Data items
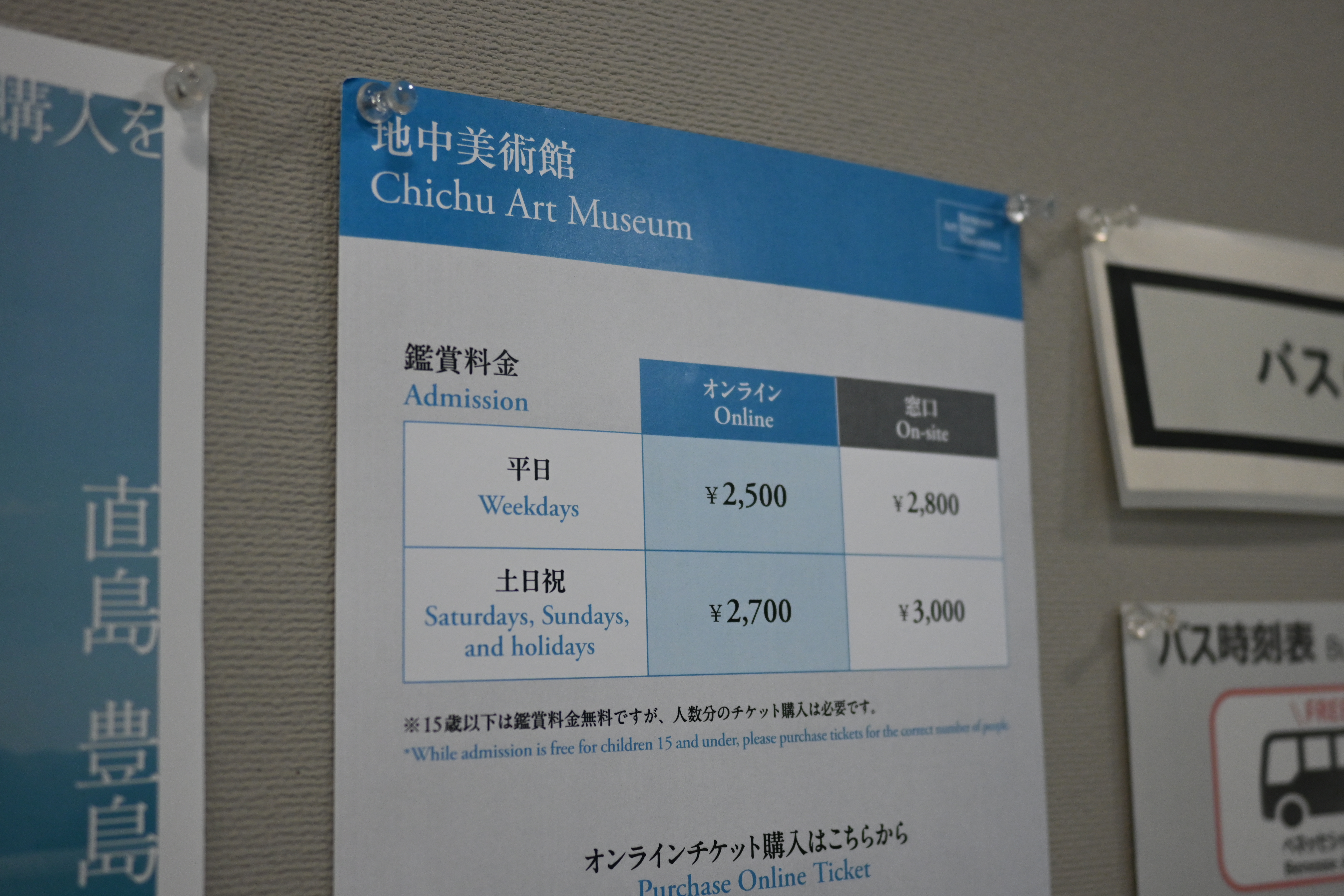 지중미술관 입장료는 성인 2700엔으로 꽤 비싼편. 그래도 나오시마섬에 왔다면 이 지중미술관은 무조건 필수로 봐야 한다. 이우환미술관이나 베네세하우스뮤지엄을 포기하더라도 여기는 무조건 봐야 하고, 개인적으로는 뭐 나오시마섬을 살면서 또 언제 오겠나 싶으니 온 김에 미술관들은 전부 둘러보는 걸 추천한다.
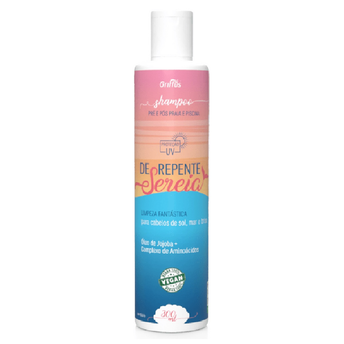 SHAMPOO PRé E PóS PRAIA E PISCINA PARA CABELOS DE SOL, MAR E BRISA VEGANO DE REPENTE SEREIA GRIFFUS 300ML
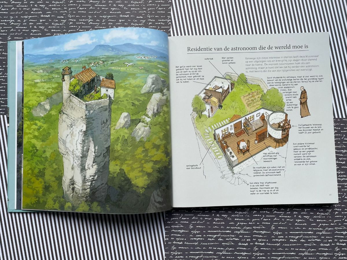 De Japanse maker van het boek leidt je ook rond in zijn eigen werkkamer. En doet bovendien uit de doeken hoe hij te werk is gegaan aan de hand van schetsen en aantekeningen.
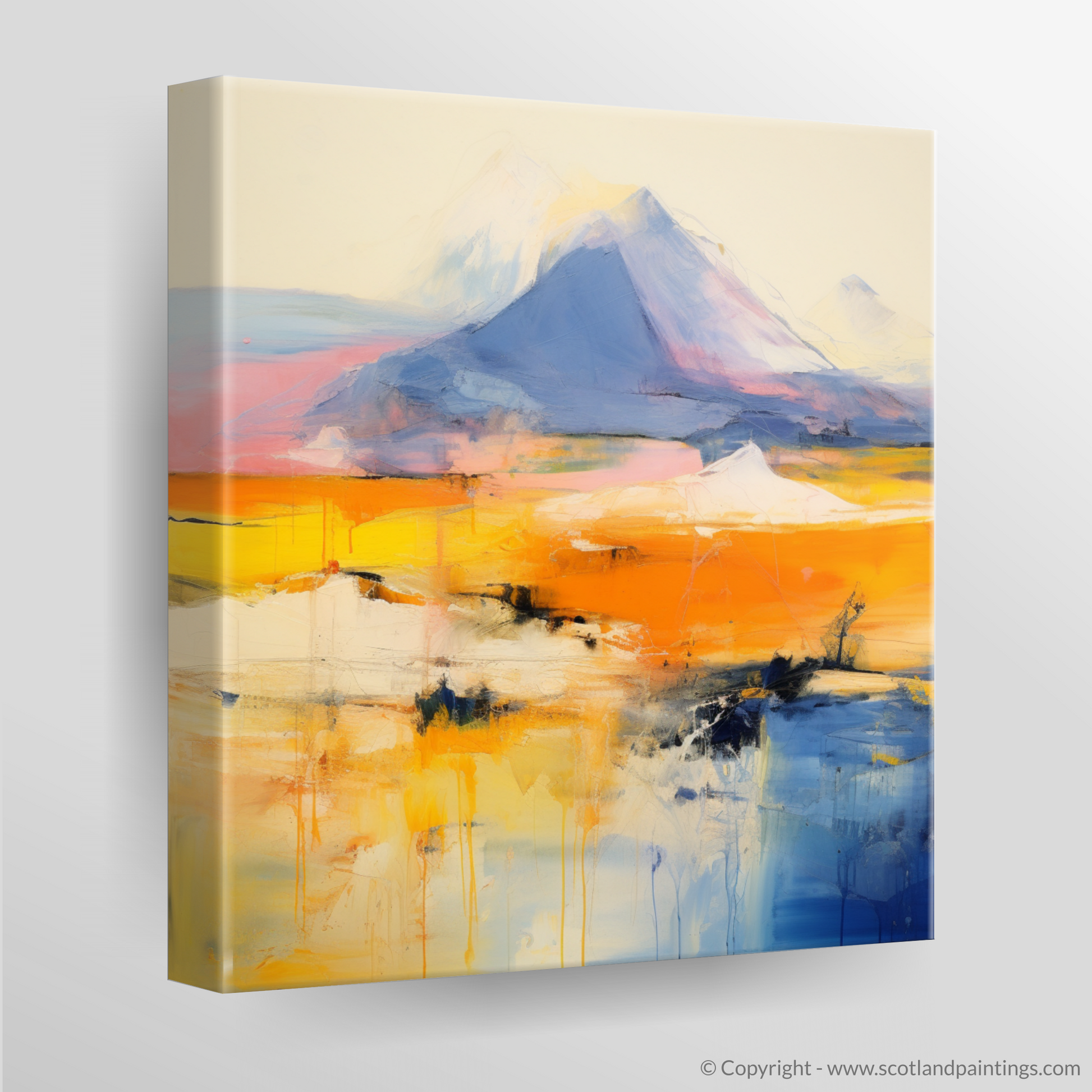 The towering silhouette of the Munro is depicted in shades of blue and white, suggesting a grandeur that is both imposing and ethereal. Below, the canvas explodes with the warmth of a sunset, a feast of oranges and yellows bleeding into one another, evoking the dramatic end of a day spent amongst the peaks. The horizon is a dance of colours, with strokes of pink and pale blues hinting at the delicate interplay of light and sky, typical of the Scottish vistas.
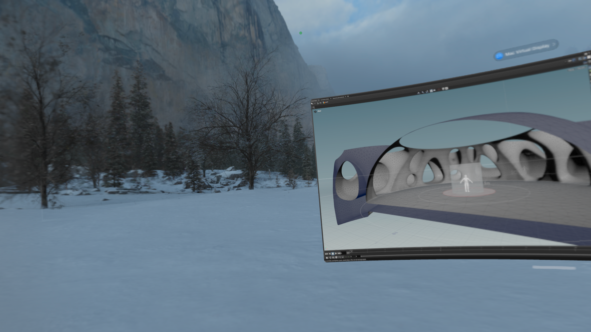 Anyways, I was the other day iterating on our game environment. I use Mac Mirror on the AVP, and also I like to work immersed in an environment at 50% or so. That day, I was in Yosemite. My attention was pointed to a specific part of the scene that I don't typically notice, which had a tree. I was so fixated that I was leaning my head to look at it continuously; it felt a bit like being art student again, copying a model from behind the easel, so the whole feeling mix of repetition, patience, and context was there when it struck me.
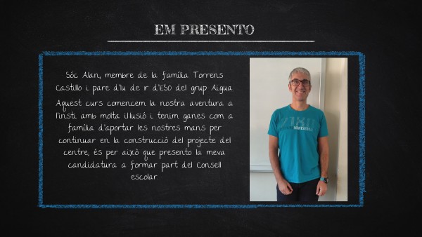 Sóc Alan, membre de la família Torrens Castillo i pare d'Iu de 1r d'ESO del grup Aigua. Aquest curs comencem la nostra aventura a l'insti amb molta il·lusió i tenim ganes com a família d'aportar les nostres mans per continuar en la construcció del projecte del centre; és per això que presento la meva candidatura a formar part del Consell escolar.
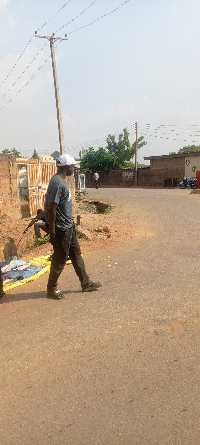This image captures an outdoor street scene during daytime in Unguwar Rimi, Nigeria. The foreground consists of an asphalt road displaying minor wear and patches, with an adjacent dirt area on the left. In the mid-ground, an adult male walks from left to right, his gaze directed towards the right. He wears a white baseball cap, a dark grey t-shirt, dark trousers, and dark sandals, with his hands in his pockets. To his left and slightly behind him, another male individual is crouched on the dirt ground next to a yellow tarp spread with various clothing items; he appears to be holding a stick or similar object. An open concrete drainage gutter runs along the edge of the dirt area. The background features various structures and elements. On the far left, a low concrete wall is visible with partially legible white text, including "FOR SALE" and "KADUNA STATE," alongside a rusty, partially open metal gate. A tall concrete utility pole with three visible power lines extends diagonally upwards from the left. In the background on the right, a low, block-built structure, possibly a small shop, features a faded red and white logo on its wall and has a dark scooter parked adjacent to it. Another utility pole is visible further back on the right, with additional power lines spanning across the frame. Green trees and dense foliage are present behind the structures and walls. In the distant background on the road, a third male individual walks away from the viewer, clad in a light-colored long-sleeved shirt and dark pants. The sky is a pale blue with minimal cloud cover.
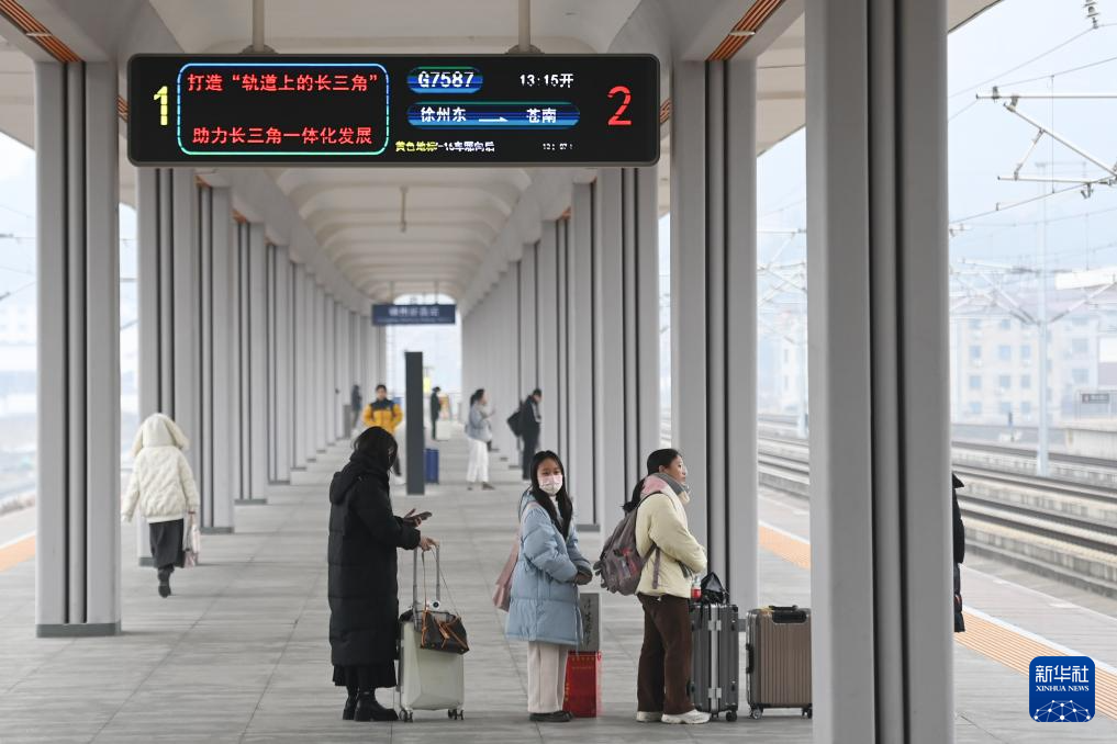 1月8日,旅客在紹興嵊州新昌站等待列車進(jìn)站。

» Exercise requirements
Among the records above, locate the line containing "Anyways, I was" and the line containing "Sóc Alan, membre", then transcribe exactly the lines starting at the first and ending at the second, with no pictures.

» Response
 Anyways, I was the other day iterating on our game environment. I use Mac Mirror on the AVP, and also I like to work immersed in an environment at 50% or so. That day, I was in Yosemite. My attention was pointed to a specific part of the scene that I don't typically notice, which had a tree. I was so fixated that I was leaning my head to look at it continuously; it felt a bit like being art student again, copying a model from behind the easel, so the whole feeling mix of repetition, patience, and context was there when it struck me.
 Sóc Alan, membre de la família Torrens Castillo i pare d'Iu de 1r d'ESO del grup Aigua. Aquest curs comencem la nostra aventura a l'insti amb molta il·lusió i tenim ganes com a família d'aportar les nostres mans per continuar en la construcció del projecte del centre; és per això que presento la meva candidatura a formar part del Consell escolar.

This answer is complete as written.